May 22, 2015, 7:55:43 PM5/22/15

to tachyo...@googlegroups.com

I get the cause of the first exception. It means I should run Spark on the node where Tachyon is located.

I run the Spark shell on the same node and there's no error, but the 2nd exception still occurs as follows :-(

Any thoughts?

scala> s.saveAsTextFile("tachyon://xxx.xxx.xxx.xxx:19998/Z")

15/05/22 16:51:26 INFO : getWorkingDirectory: /

15/05/22 16:51:26 INFO : getFileStatus(tachyon://xxx.xxx.xxx.xxx:19998/Z): HDFS Path: hdfs://xxx.xxx.xxx.xxx:9000/Z TPath: tachyon://xxx.xxx.xxx.xxx:19998/Z

java.io.IOException: Failed on local exception: java.io.EOFException; Host Details : local host is: "ccied8/xxx.xxx.xxx.xxx"; destination host is: "ccied8.sysnet.ucsd.edu":9000;

Thanks!

T

Calvin Jia

unread,

May 24, 2015, 12:39:01 AM5/24/15

to tachyo...@googlegroups.com, ti...@eng.ucsd.edu

Hi,

What hadoop version did you compile Tachyon with (ie -Dhadoop.version)?

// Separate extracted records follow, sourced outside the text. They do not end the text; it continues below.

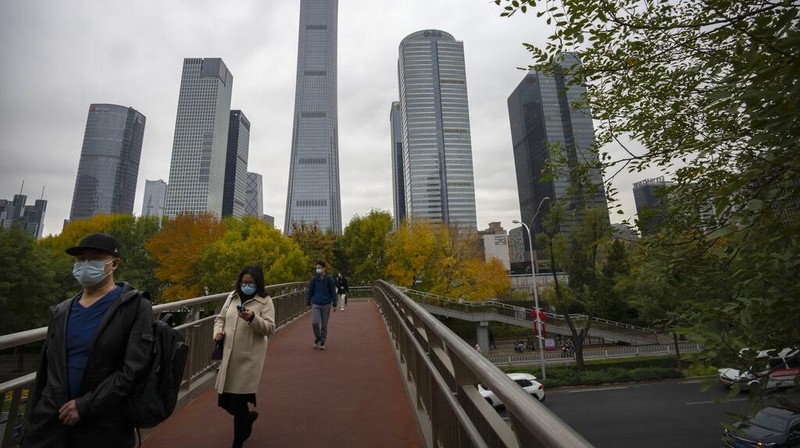 Orang-orang mengenakan masker berjalan melintasi jembatan penyeberangan di kawasan pusat bisnis di Beijing, Jumat, (28/10/2022). AP/Mark Schiefelbein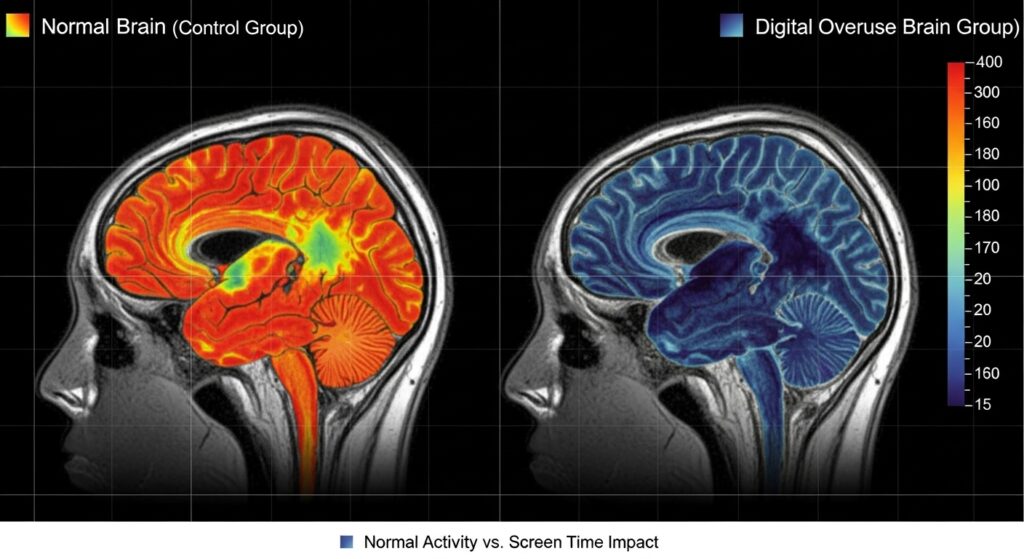 - 示唆された現象: スマホやインターネットの長時間利用は、特に9歳から18歳頃の成長期の子どもの脳で、この前頭前野などの広範な領域の萎縮(発達の遅れや抑制)と関連がある可能性が示唆されています。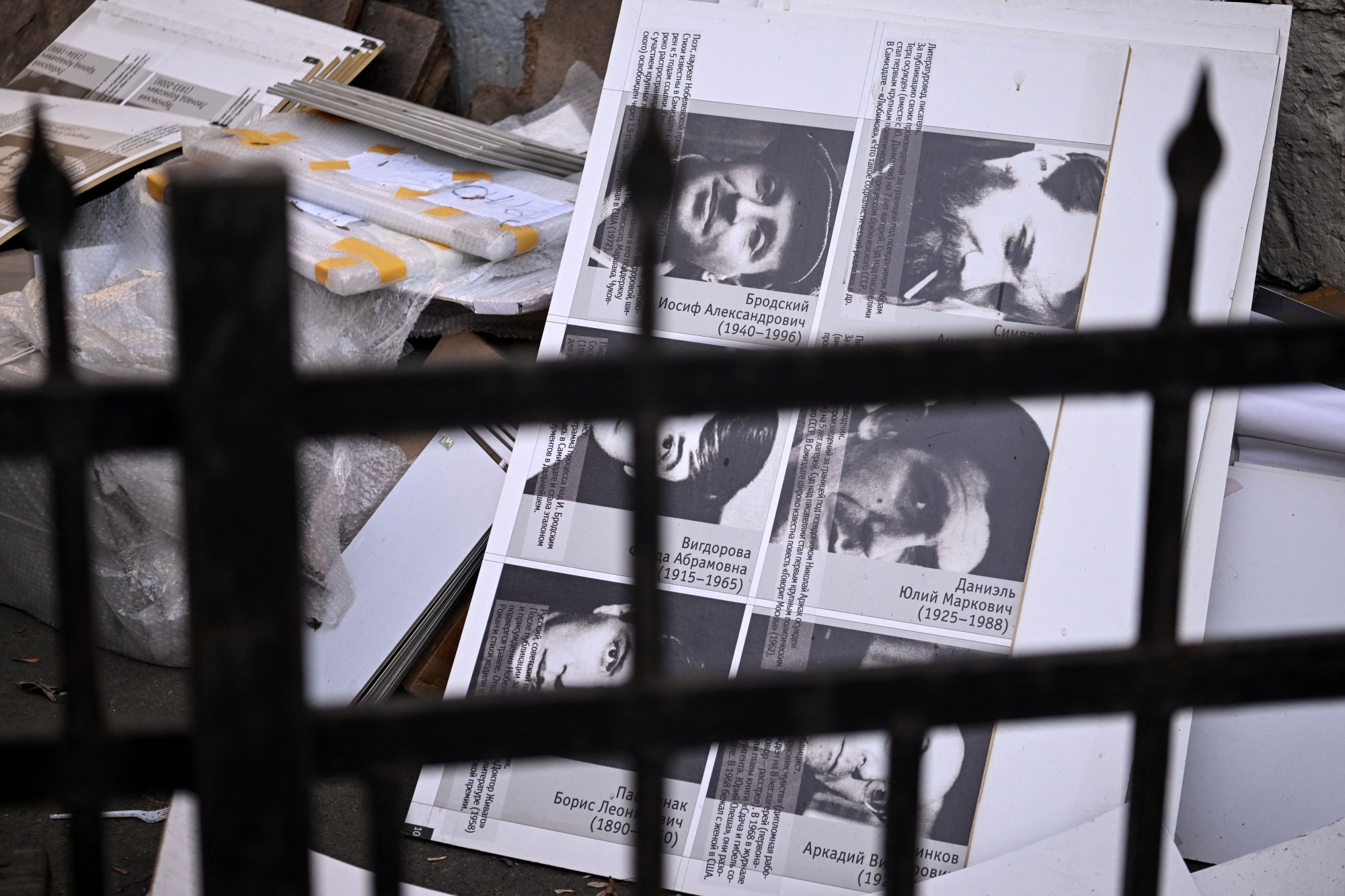 苏联人权活动家的肖像,包括诺贝尔奖得主约瑟夫·布罗茨基和鲍里斯·帕斯捷尔纳克,被丢弃在莫斯科安德烈·萨哈罗夫博物馆和公共中心外的垃圾场上,日期为4月14日。当局迫使该中心在镇压中关闭。摄影师:基里尔·库德里亚夫采夫/法新社/盖蒂图片社在培养该国外交官的精英国家管理的莫斯科国际事务学院,管理层迅速与一家在战争开始后不久出现的电报频道划清界限,该频道上的学生报道了被认为忠诚度不够的教职人员。但报道并没有停止。
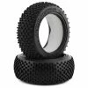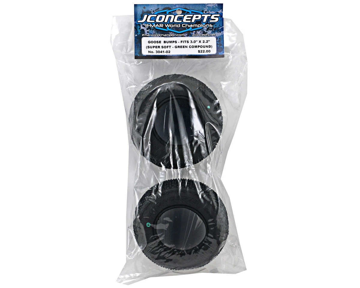 This is a set of two JConcepts Goose Bumps Short Course Tires. Short Course racing has progressed and JConcepts is on top of the development with the introduction of the Goose Bumps. Realism has not been left out on these race tires, the Goose Bumps are completely detailed with center lug all-terrain inspired tread and side wall. The JConcepts Goose Bumps tires are just what the doctor ordered; combining a totally unique step pin and bar lug design with sticky green compound to allow even greater control on off-road surfaces.

I think the error is caused by a hadoop client/server version mismatch.

Hope this helps,

Calvin

Tianyin Xu

unread,

May 24, 2015, 4:11:30 AM5/24/15

to Calvin Jia, tachyo...@googlegroups.com

Thanks for the reply, Calvin!

I didn't compile Tachyon but directly used

https://github.com/amplab/tachyon/releases/download/v0.6.4/tachyon-0.6.4-bin.tar.gz

I checked the pom.xml and found it supports

<hadoop.version>1.0.4</hadoop.version>

so I setup a Hadoop 1.0.4.

It may not be a client/server version mismatch which would prevent Tachyon from starting.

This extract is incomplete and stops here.